Ludmilla Tüting talked about ‘Fascinating Nepal, the Sunny and Shady Sides’ and belted out slides and information and described Nepal as a wonderful country.

The Nepali Times

And the other theme was: ‘Tourism with Insight isn’t in Demand: the Ecological Damage through Tourism in Nepal’ which was more or less what the interested Nepal-fan will find in ‘Bikas-Binas’, a thought-provoking book on Nepal’s ecological aspects, especially environmental pollution in the Himalayas, published by Ms.Tüting and my college-friend Kunda Dixit, a reputed Nepali journalist, who is the executive director of International Press Service since decades and also the chief editor and publisher of The Nepali Times.

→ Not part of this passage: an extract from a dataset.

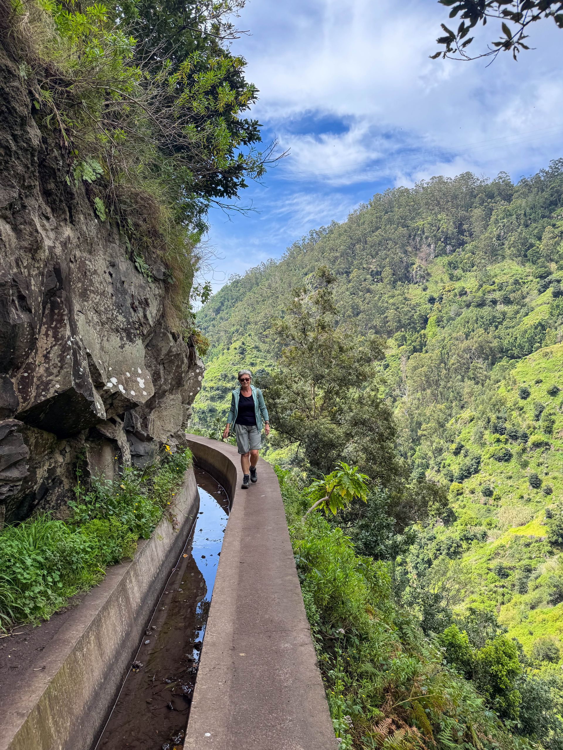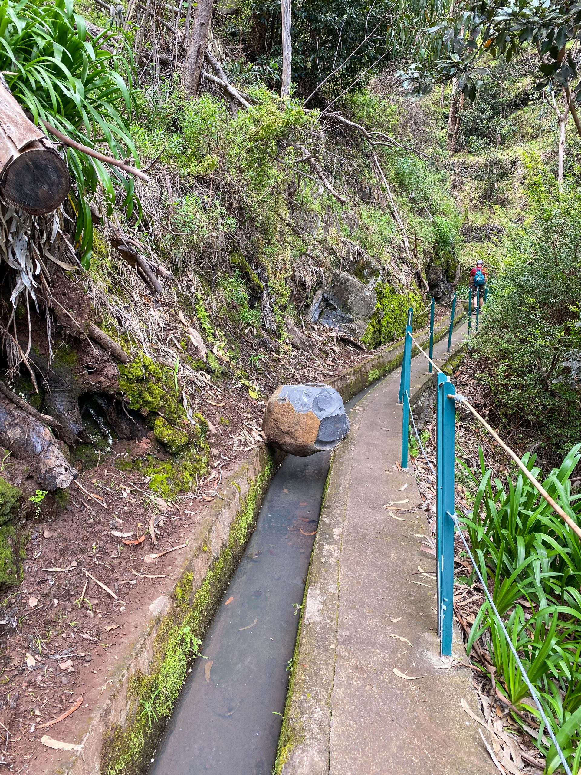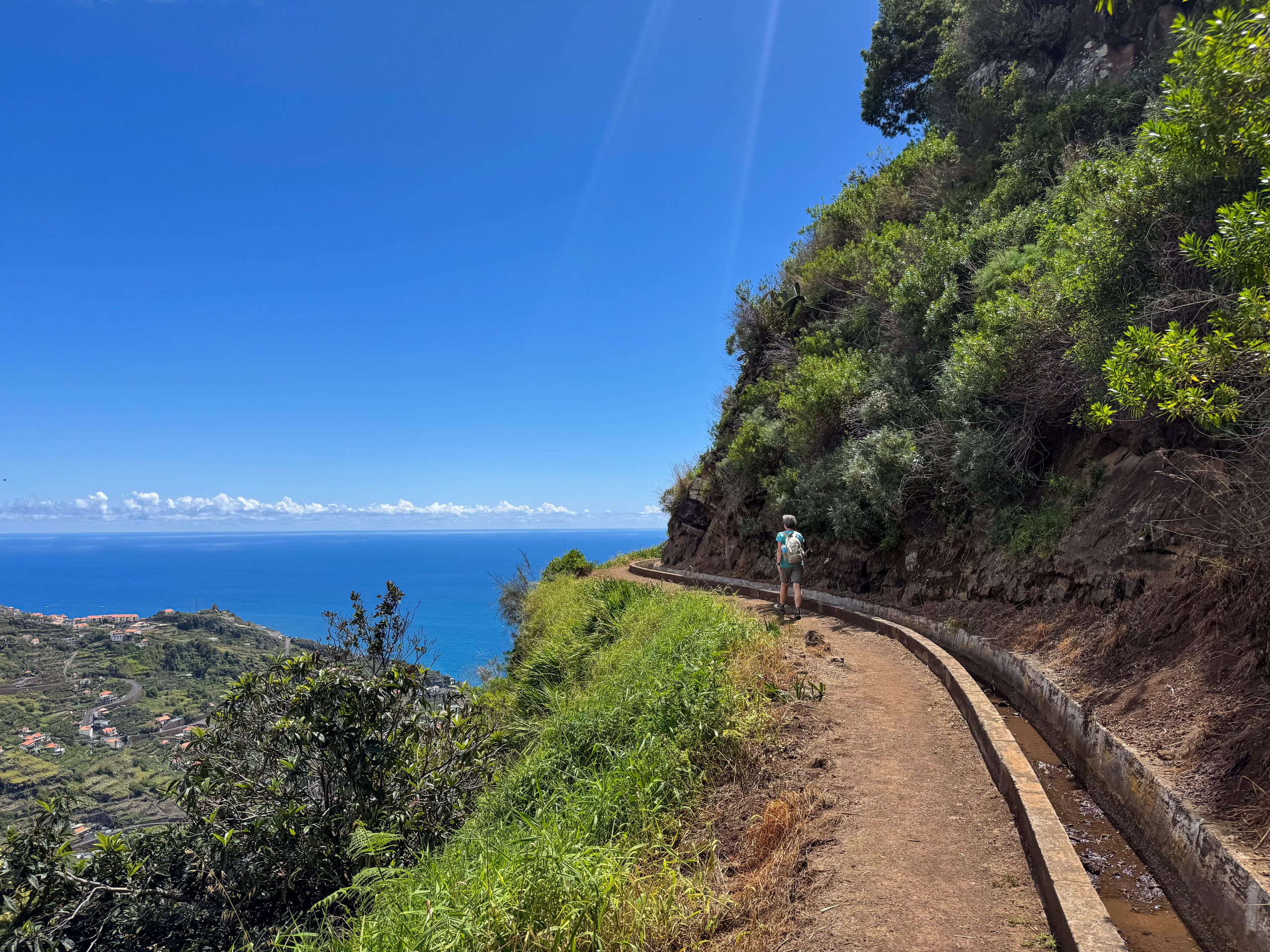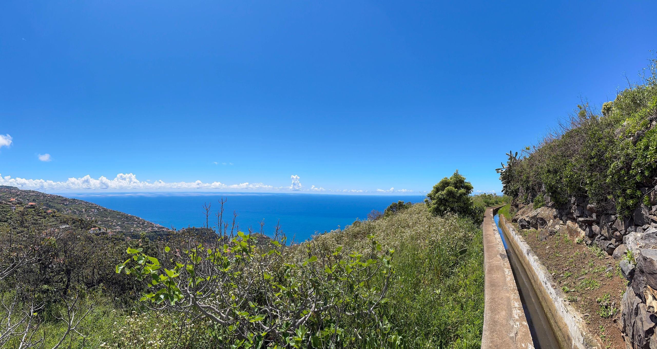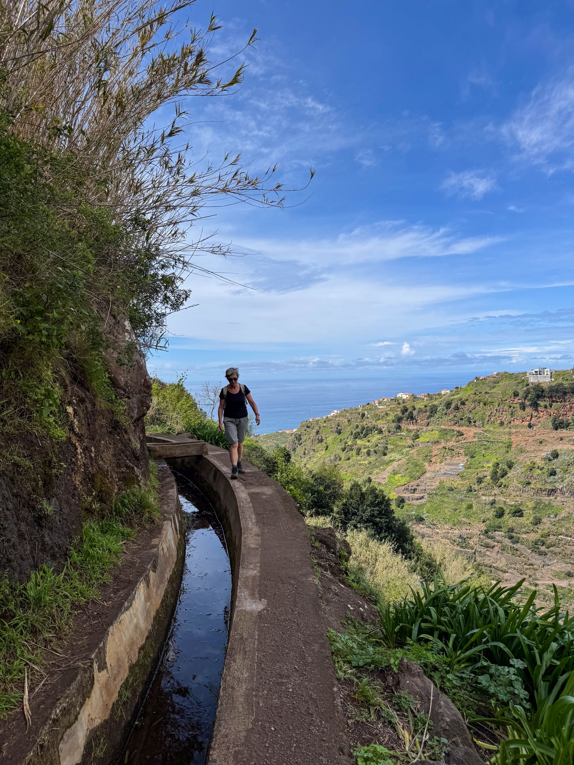 Besonders jetzt im Frühjahr hat sie ihren Reiz durch die vielen blühenden Akazienbäume. Wir genießen den Weg und verlängern ihn um etwas mehr als einen Kilometer entlang der Levada, statt nach Cruz hinabzusteigen. Nach ca 5 km machen wir eine kleine Rast und gehen den gleichen Weg wieder zurück bis Referta.

Ms. Tüting’s talk, delivered with what the Germans are wont to call the Berlin-lip (Berlinerschnauze) has a pedagogic and practical value, and she tried not only to show what a tourist from abroad does wrong in Nepal, but also suggested how a tourist should behave and dress in Nepal. All in all, it sounded like the German book of etiquette called ‘Knigge’ for potential travellers to Nepal.

The Home of the Snows.

In the past there have been a good many transparency slide-shows and talks under the aegis of the Badische Zeitung, the Freiburger University and the Volkshochschule with jet-set gurus, rimpoches, meditations, experts on ‘boksas and boksis’, shamanism, Tibetan lamaism, tai-chi, taoism, yen-oriented-zen and what-have-yous. It is a fact that every Hans-Rudi-and-Fritz who’s been to Nepal or the Himalayas struts around as an expert on matters pertaining to the Home of the Snows.

Some bother to do a bit of background research and some don’t, and the result is a series of howlers. Like the bloke who’d written a thesis on traditions in Nepal and held a slide-show at the University’s eye-clinic auditorium maximum. The pictures of the Nepalese countryside were, as usual, breathtaking. Pokhara, Kathmandu, Jomsom, the Khumbu area and then a slide of Bhimsen’s pillar was shown and our expert quipped, ‘that’s the only mosque in Nepal.’

Status Of The Family

Or the time a Swabian expedition physician from Stuttgart held a vortrag (talk) at the university’s audi-max (auditorium maximum). A colour-slide of a big group of Nepalese porters flashed across the screen. The porters were shown watching the alpine expedition members eating their sumptuous supper, with every imaginable European dish and the comment was: ‘The Nepalese are used toeating once a day, so they just looked at us while we ate’ (sic). A decent German sitting near me named Dr. Petersen, who was a professor of microbiology, remarked, “Solche Geschmacklosigkeit!” (lack of taste or finesse), but it didn’t seem to disturb our Swabian Himalayan hero. Most Nepalese eat two big meals: at lunch and dinnertime, with quite a few snacks thrown in-between. And when you visit a Nepalese household you’re offered hot tea and snacks too, depending upon the wealth and status of the family.